## Data extracts
------------------------------
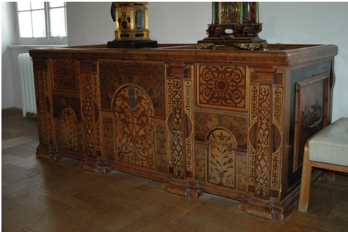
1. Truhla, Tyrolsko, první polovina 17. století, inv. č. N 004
------------------------------
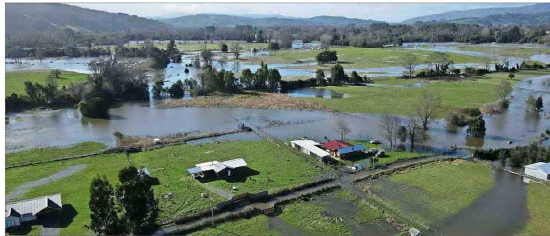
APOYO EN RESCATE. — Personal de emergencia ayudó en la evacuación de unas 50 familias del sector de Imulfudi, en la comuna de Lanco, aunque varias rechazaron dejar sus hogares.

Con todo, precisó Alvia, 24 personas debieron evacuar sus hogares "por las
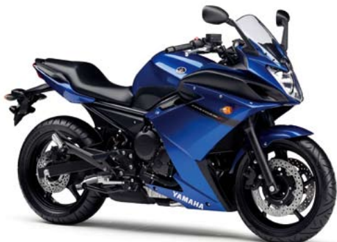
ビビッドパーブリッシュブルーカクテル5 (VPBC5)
------------------------------
## Exercise description
Filter the entries down to the lines containing "hogares". Copy each of those lines.

## Answer to this task
APOYO EN RESCATE. — Personal de emergencia ayudó en la evacuación de unas 50 familias del sector de Imulfudi, en la comuna de Lanco, aunque varias rechazaron dejar sus hogares.
Con todo, precisó Alvia, 24 personas debieron evacuar sus hogares "por las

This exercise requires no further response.